The secret to love and friendships

that you’ve been practicing your whole life and probs didn’t realize

The secret to love and friendships
i was exhausted but I swear i was happyyyy

As soon as I hit publish on my last post, it clicked that I was having such a good fucking time doing it.

There was an undeniable sense of joy and flow that filled me up while compiling all those links and photos and videos to share with you.

It seems all the little daily explorations in my brain, phone, and computer screen feel more meaningful when I can package them up and deliver them to you on your device.

It’s one of the few childhood joys I forgot about.

  • Like when you can’t wait to show your mom the pillow fort you made.
  • Or when you can’t wait to show your classmates the new sneakers you got.

But since we’re adults now, we’ve convinced ourselves we should be more modest and not be show-offs.

I say fuck that.

I have ALWAYS been curious about what everyone is doing / using / watching / saying / buying / etc.

So why wouldn’t there be people out there who want to know all that stuff too??

And it doesn’t have to be anything big and fancy and insta-grammy either.

Even the most basic and boring shit has value in different ways.

Like, sure…. Of course I love sharing higher value items that solve huge problems, like books and software apps and things.

However, I’m finding that it’s honestly just as fun to nerd out on small cheap household shit that everybody needs, too.

I mean last post I told you about socks and underwear.

And a couple weeks I told you about toothpaste and dental floss.

AND I AM TRULY HAVING FUN DOING IT

And I find that surprising.

So of course my brain then wanted to explore that a bit.

I took a day to think about it.

And the best explanation I got for it at the moment is that it might be our third thing…


INTERNET DUMPS AS THIRD THINGS

There’s this concept that is mostly attributed to romantic love, but i think it works with any relationship — even this one between you and me as a reader and writer.

The theory is that bonding occurs via a third object outside of the two humans.

I am sharing a part of myself with you via my explanation of how I use, see, and find certain items.

And you, by commenting or clicking or subscribing, are letting me know about your tastes and preferences in return.

It’s most famously referenced from this essay by the poet Donald Hall as he discusses the years with his wife before she died:

“What we did: love. We did not spend our days gazing into each other’s eyes. We did that gazing when we made love or when one of us was in trouble, but most of the time our gazes met and entwined as they looked at a third thing. Third things are essential to marriages, objects or practices or habits or arts or institutions or games or human beings that provide a site of joint rapture or contentment.
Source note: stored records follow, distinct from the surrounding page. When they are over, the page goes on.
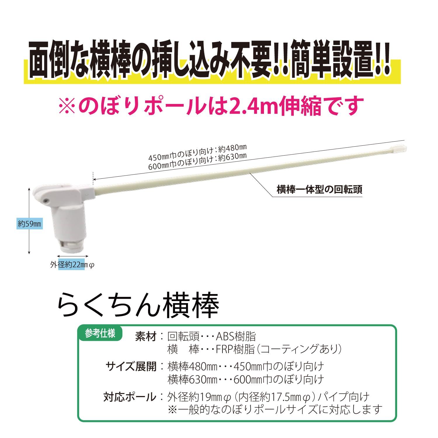楽ちん横棒部分材質:回転頭部分 ABS樹脂/横棒部分 FRP樹脂(コーティングあり)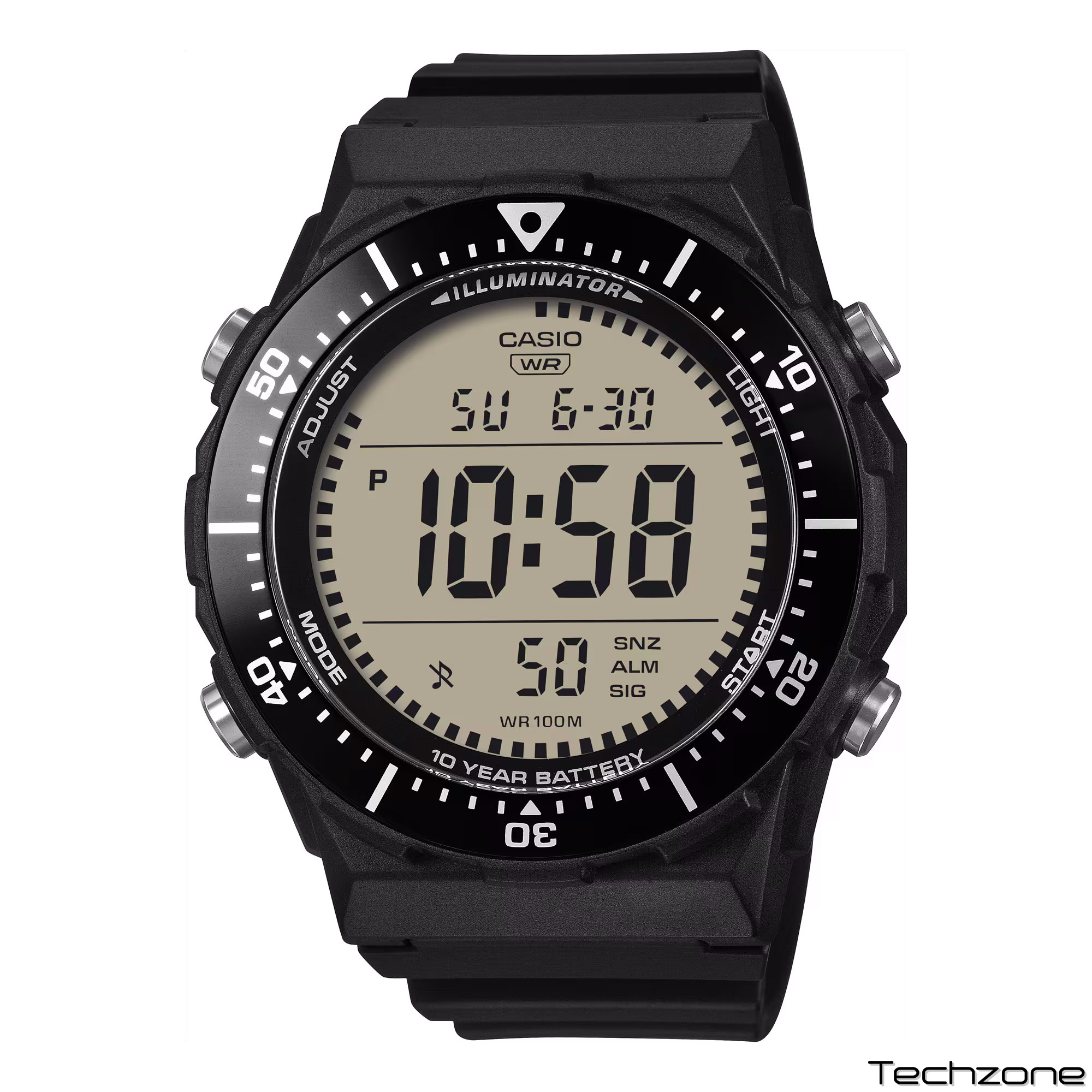 Багатофункціональний цифровий годинник із широким, легкочитабельним дисплеєм та обертовим безелем — ідеально підходить для спорту. Водонепроникність до 10 поділок, десятирічний термін служби батареї, світлодіодне підсвічування, а також зручні функції, такі як секундомір, будильник тощо.
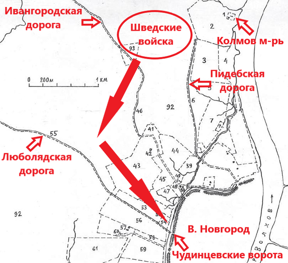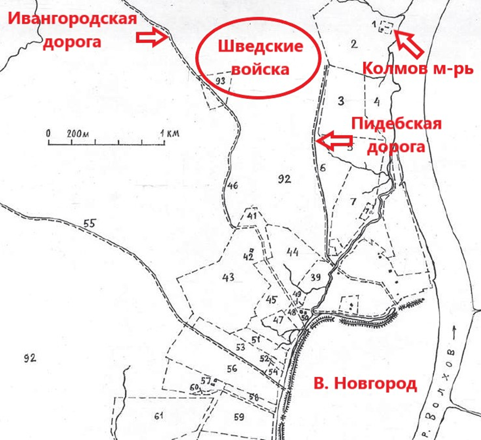 Согласно шведскому плану осады Новгорода в 1611 году и комментариям к нему академика В.Л. Янина фронт развертывания шведских войск на заболоченном поле между Пидебской и Копорской дорогами составил около 1 км (рис.10).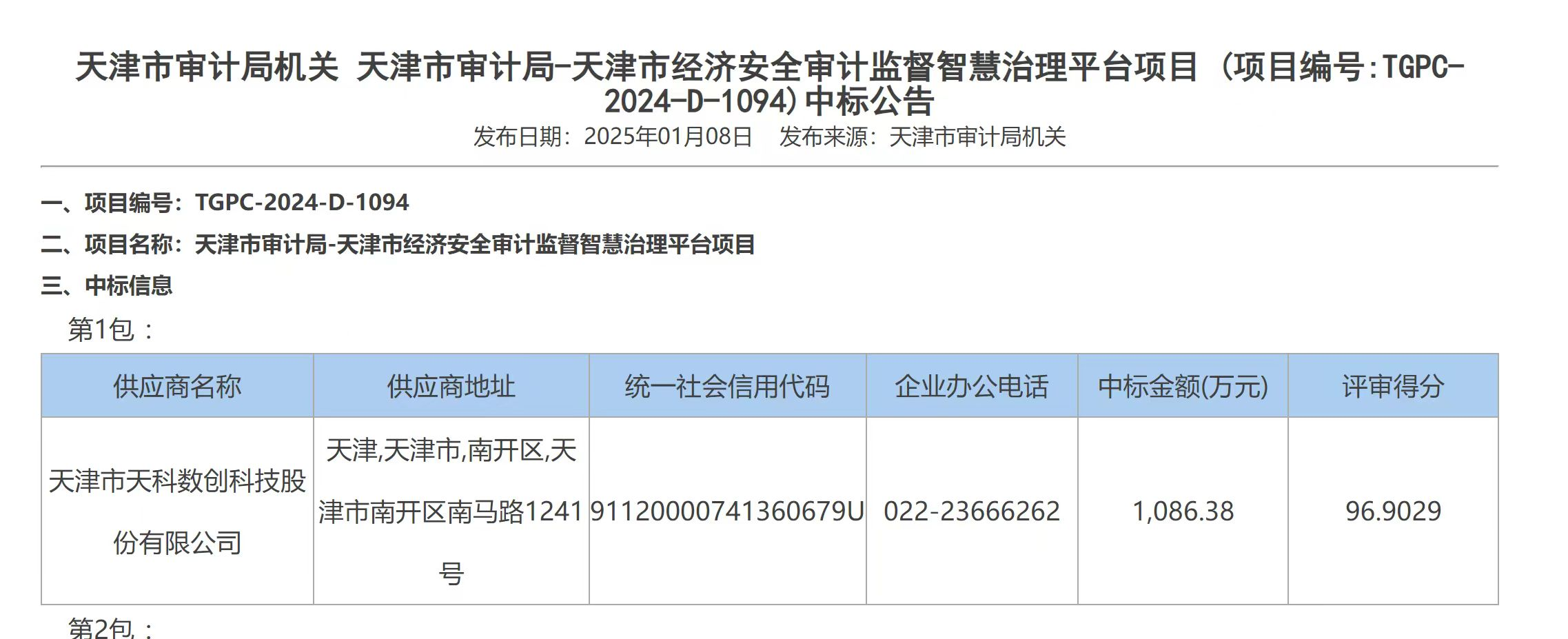 近日,津投资本所属天津数字经济产业集团有限公司(以下简称“天数集团”)旗下天津市天科数创科技股份有限公司(以下简称“天科数创”)与天津数字认证有限公司(以下简称“天津CA”)捷报频传,分别中标“天津市审计局智慧治理平台项目”及“天津市综合认证服务平台建设项目”,数智赋能天津市政府数字化转型发展。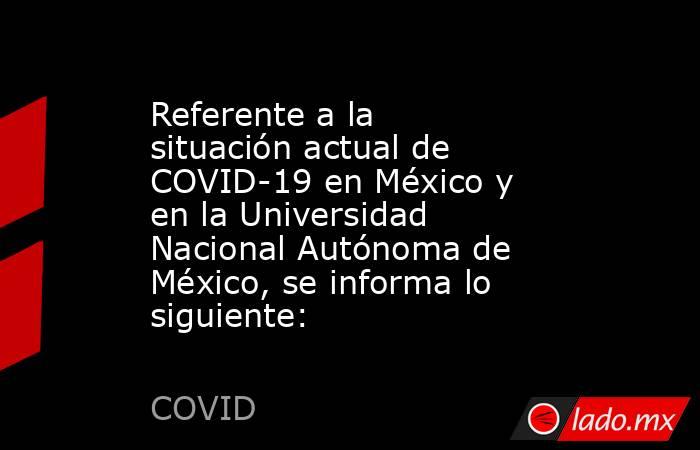 The post Referente a la situación actual de COVID-19 en México y en la Universidad Nacional Autónoma de México, se informa lo siguiente: appeared first on .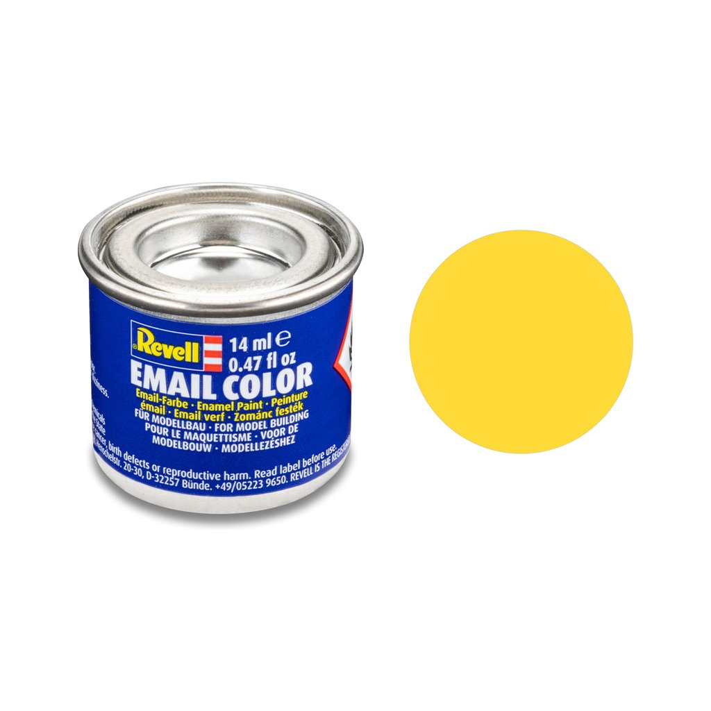 Syntetická (emailová) barva Revell 32115 pro použití v modelářství. Odstín číslo 15 – žlutá matná. Obsah 14 ml.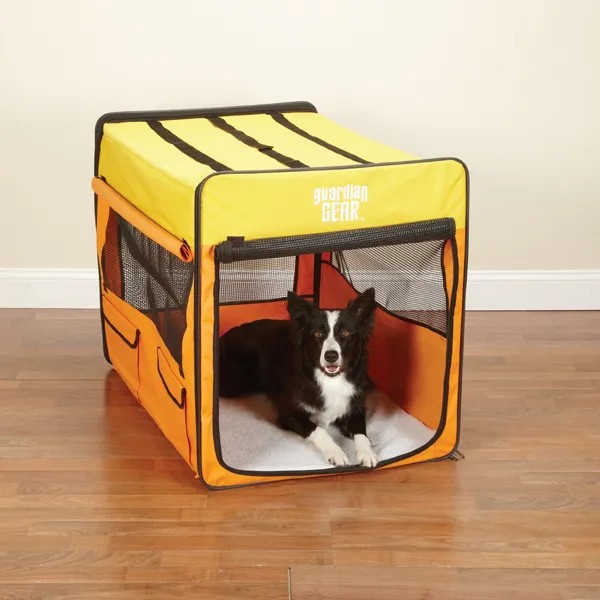 Pets travel in comfort and style with our Guardian Gear® Collapsible Dog Crates. Each portable dog crate is attractive, durable, water-resistant, and easy to clean. Dog crates have integrated wire framing that assembles and breaks down in seconds with no tools required.

Each member of a couple is separate; the two come together in double attention. Lovemaking is not a third thing but two-in-one. John Keats can be a third thing, or the Boston Symphony Orchestra, or Dutch interiors, or Monopoly. For many couples, children are a third thing. Jane and I had no children of our own; we had our cats and dog to fuss and exclaim over—and later my five grandchildren from an earlier marriage. We had our summer afternoons at the pond, which for ten years made a third thing.”

lmaooo…. it sounds so fancy and cheesy when he says it…but i get it and i feel it

You’ve probably felt it your whole life too.

You and your elementary school buddies bonded over the same superheroes or cartoon characters.

In middle and high school it was the people you did sports or hobbies with.

You didn’t just stare at each other across the lunch table.

You talked about external experiences and how you felt about them.

As a young woman in my early twenties, my girlfriends and I shared clothes and makeup and jewelry while getting ready to go out.

The last few years in gymnastics, my friends and I interact over skill corrections, the Olympic team, and leotard designs.

A couple or group is interesting together because of what it does apart.

When separate, you’re gathering things / ideas / experiences to then share when reunited.

You need some common object to bounce your unique perspectives off of which creates a deeper knowing between the two of you.

And when I think of my link dumps this way, it feels way less lame.

I’m just kinda doing my part in my relationship with the internet I guess lol

The ol’ world wide web gives my brain so much great shit to explore every day, so I’m simply here trying to share it back with you.

It prob feels so good because it’s a pay-it-forward situation and that’s what’s filling my cup.

And of course, when I look at my Substack stats and see that you’re here reading it, that’s super nice too.